Criamos o Projeto Lidera Mulher que incentiva, orienta e apoia negócios operados pelo gênero feminino. O resultado são mulheres com visão empreendedora mais apurada, autonomia social e empoderamento dessas mulheres. Também conseguimos pactuar um TAC com o Ministério Público Federal com objetivo de destravar os licenciamentos ambientais da região de Guaxindiba onde algumas empresas estão instaladas sem poder operar por força de uma ação judicial movida pelo ICMBIO - Instituto Chico Mendes de Meio Ambiente, contra o INEA, o Município e empreendedores locais. Esse impedimento de licenciar empreendimentos industriais em Guaxindiba impedia a chegada de novas empresas na localidade e acreditamos que em breve teremos esse quadro revertido. Temos um bom número de empresas se prospectando para vir para São Gonçalo e aguardam essa liberação.

Há possibilidade do prédio do centro de integração do Comperj ser repassado pro município?

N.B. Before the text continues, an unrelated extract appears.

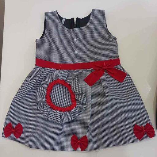 لباس مجلسی دخترانه آستر دار رنگ طوسی با پاپیون قرمز همراه کلاه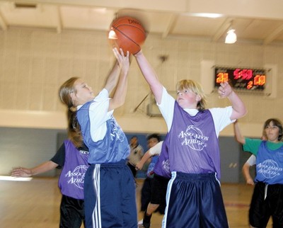 Brady Owens (left) goes up for a shot in a Standley Park Recreation Center’s Association for Athletics Youth Basketball League opening season game Jan. 6 at Standley Park Recreation Center, 3585 Governor Drive.

Essa pergunta tem muito a ver com a anterior. Temos um convênio com a Petrobrás que estabeleceu a construção do Píer da Praia da Beira no bairro de Itaoca e uma estrada a partir do píer ligando ao Comperj. Ao fim das obras do Complexo Petroquímico - COMPERJ, a estrada, tecnicamente conhecida como Via UHOS, que serve para transporte de equipamentos de ultra dimensões, passará para o domínio da municipalidade e poderá ser explorada por empresas juntamente com o Píer e resultar em impostos para a cidade.

Nessa dimensão existe um TAC em andamento com o ministério público estadual e a Petrobrás a fim de mitigar possíveis danos ambientais resultados da construção da Via e nesse acordo fizemos injunções com vistas à entrega do prédio da Petrobrás, no bairro Estrela do Norte, para uso da prefeitura.

Estamos trabalhando para agilizar as licenças ambientais em Guaxindiba para renda, receita e empregos para o município.